__EXERCISE DETAILS__. Here is a listing. Write it all out again exactly, but not its pictures.

__DATA SHOWN__.
::::

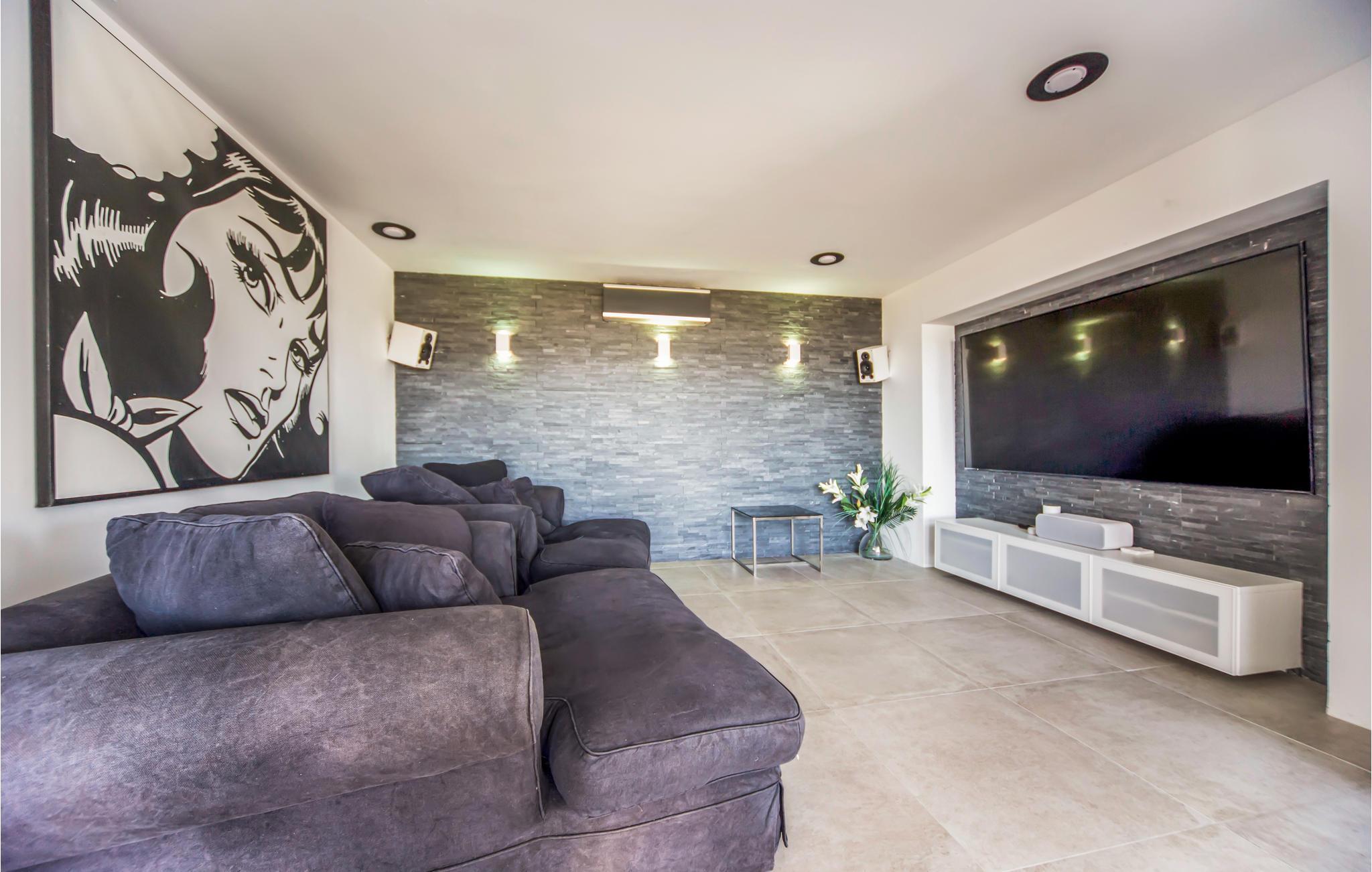 Die hohen Decken, großen Fensterfronten und spannender Deckenkonstruktion gibt dem Raum eine ganz besondere freie Atmosphäre. Selbige ist in einem modernen und stilvollem Design eingerichtet und bestens für Ihren entspannten Urlaub ausgestattet. Der Wohnraum mit großer Küche, Esszimmer und gemütlichen Sofagarnituren befindet sich im Erdgeschoss, mit einer Treppe gelangen Sie in den zweiten Stock, wo sich die drei Schlafzimmer und ein offenes Büro befinden. Hier können Sie die Treppen direkt in den Garten nehmen, oder durch den Haupteingang hinaus gelangen. Auf der Grünfläche und dem mit Stein ausgelegten Sonnendeck finden Sie einen teilweise überdachten schattigen Bereich, eventuell für ein gemeinsames Frühstück umgeben von fabelhafter Landschaft. Anschließend können Sie zusammen in der Außenküche die Mahlzeiten für den Grill vorbereiten und Getränke einkühlen, um nicht immer durch das ganze Haus laufen zu müssen. Sollte es nun mal zu heiß werden, können Sie sich direkt in Ihrem Außenpool erfrischen und danach sich in der Sonne baden. Selbst Ihr Vierbeiner ist herzlich willkommen.
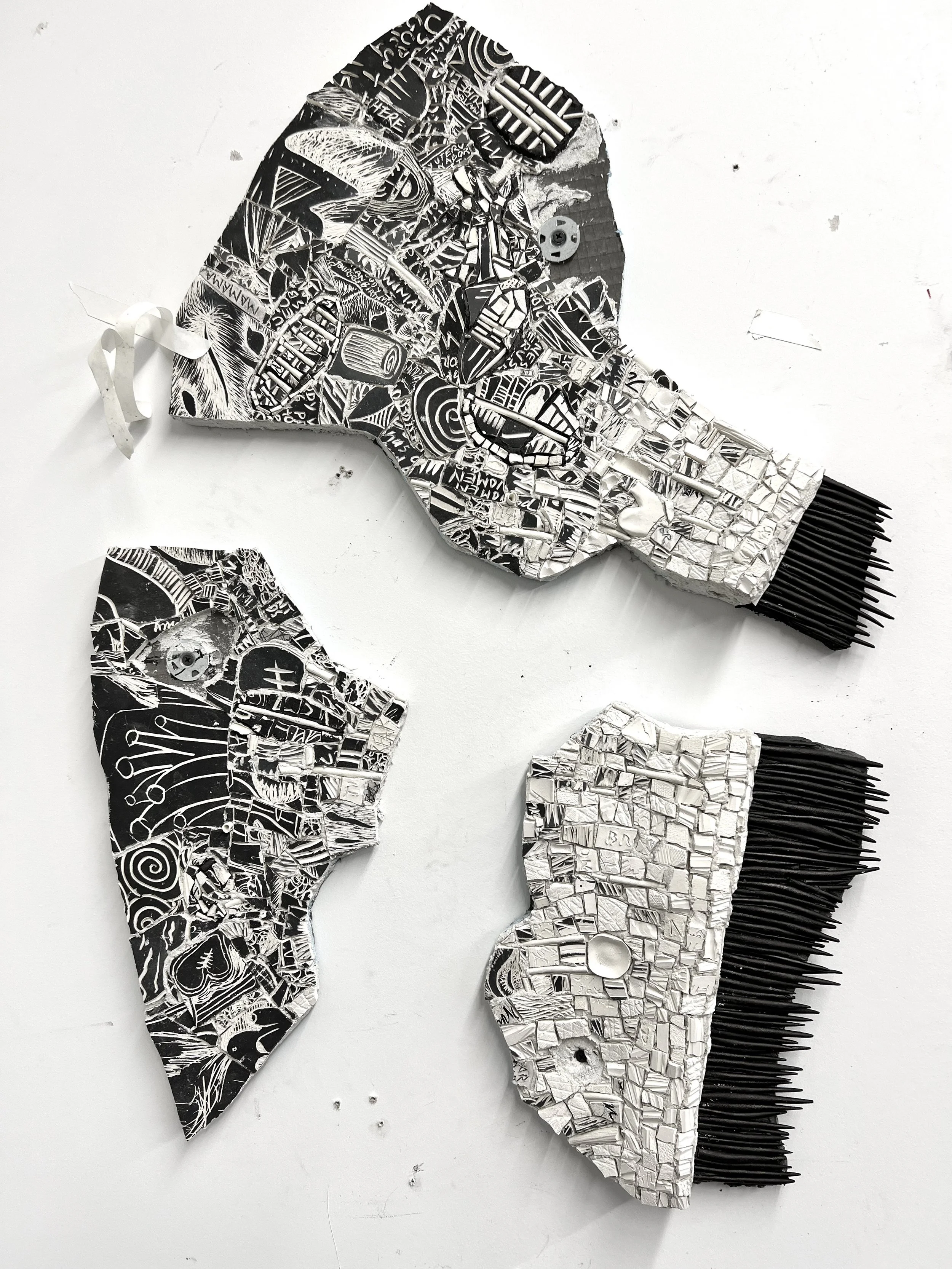 Mosaic, as a contemporary art medium, plays a large part in my intersectional art practice, which is a literal ‘mosaic’ of art methodologies, which I use to explore memory and trauma, maternalism and birth politics in works of sculptural, graphic and visual personal narratives. In my studio practice I use mosaic as a part of a formal language which alludes to brokenness and reinvention. How can a mosaic aesthetic apply to feminist discourses on maternal identity and maternal repair?
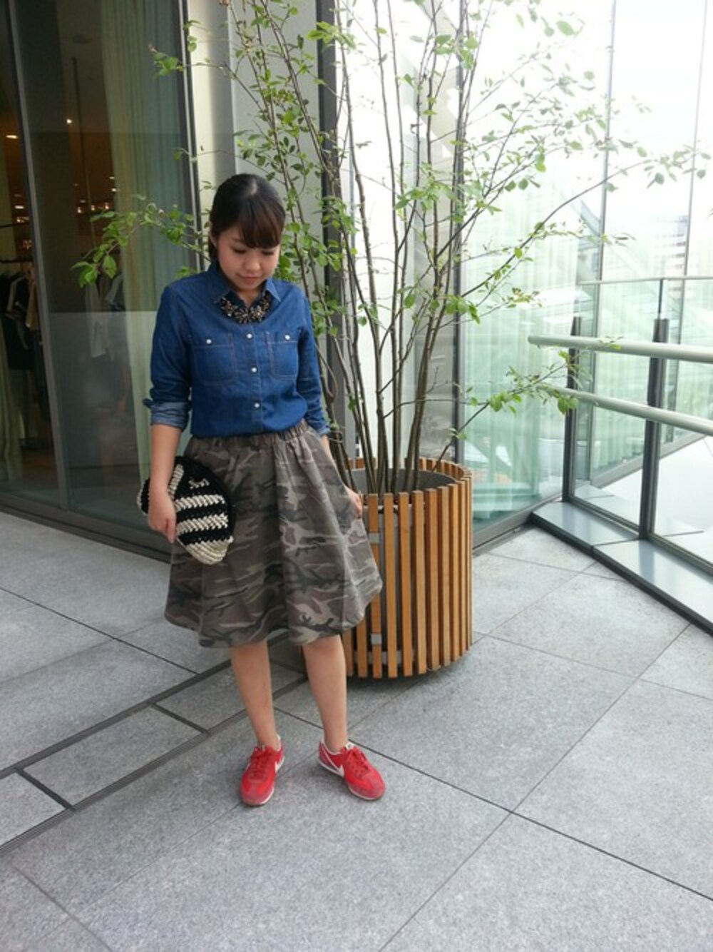 シャツコーデは少し肌寒くなってきたこの季節にぴったり! 人気のカモフラ柄スカートと合わせて♪
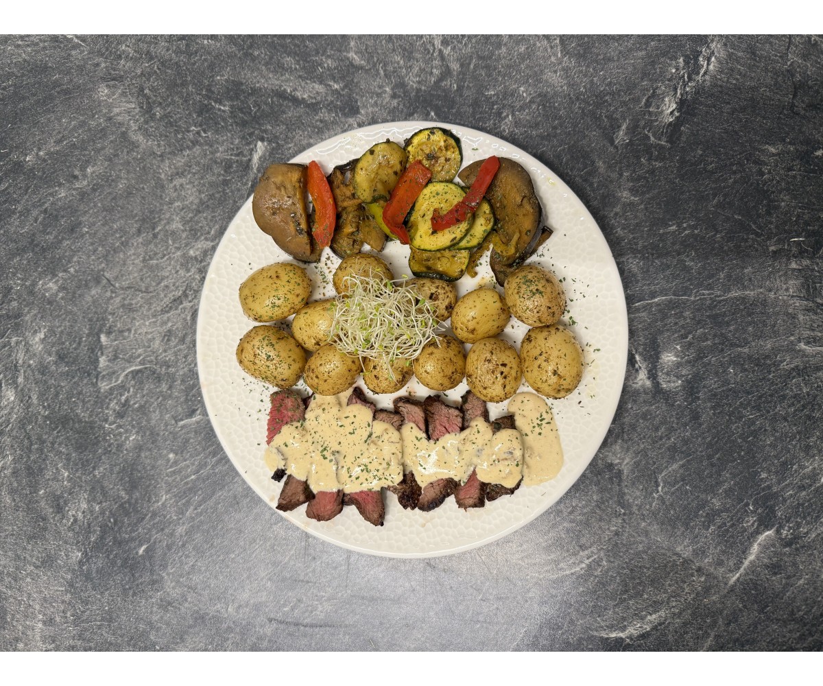 Нарезанная говяжья лопатка, тайский маринад, запеченный картофель и сезонные овощи

::::

__ANSWER AREA__.
 Die hohen Decken, großen Fensterfronten und spannender Deckenkonstruktion gibt dem Raum eine ganz besondere freie Atmosphäre. Selbige ist in einem modernen und stilvollem Design eingerichtet und bestens für Ihren entspannten Urlaub ausgestattet. Der Wohnraum mit großer Küche, Esszimmer und gemütlichen Sofagarnituren befindet sich im Erdgeschoss, mit einer Treppe gelangen Sie in den zweiten Stock, wo sich die drei Schlafzimmer und ein offenes Büro befinden. Hier können Sie die Treppen direkt in den Garten nehmen, oder durch den Haupteingang hinaus gelangen. Auf der Grünfläche und dem mit Stein ausgelegten Sonnendeck finden Sie einen teilweise überdachten schattigen Bereich, eventuell für ein gemeinsames Frühstück umgeben von fabelhafter Landschaft. Anschließend können Sie zusammen in der Außenküche die Mahlzeiten für den Grill vorbereiten und Getränke einkühlen, um nicht immer durch das ganze Haus laufen zu müssen. Sollte es nun mal zu heiß werden, können Sie sich direkt in Ihrem Außenpool erfrischen und danach sich in der Sonne baden. Selbst Ihr Vierbeiner ist herzlich willkommen.
 Mosaic, as a contemporary art medium, plays a large part in my intersectional art practice, which is a literal ‘mosaic’ of art methodologies, which I use to explore memory and trauma, maternalism and birth politics in works of sculptural, graphic and visual personal narratives. In my studio practice I use mosaic as a part of a formal language which alludes to brokenness and reinvention. How can a mosaic aesthetic apply to feminist discourses on maternal identity and maternal repair?
 シャツコーデは少し肌寒くなってきたこの季節にぴったり! 人気のカモフラ柄スカートと合わせて♪
 Нарезанная говяжья лопатка, тайский маринад, запеченный картофель и сезонные овощи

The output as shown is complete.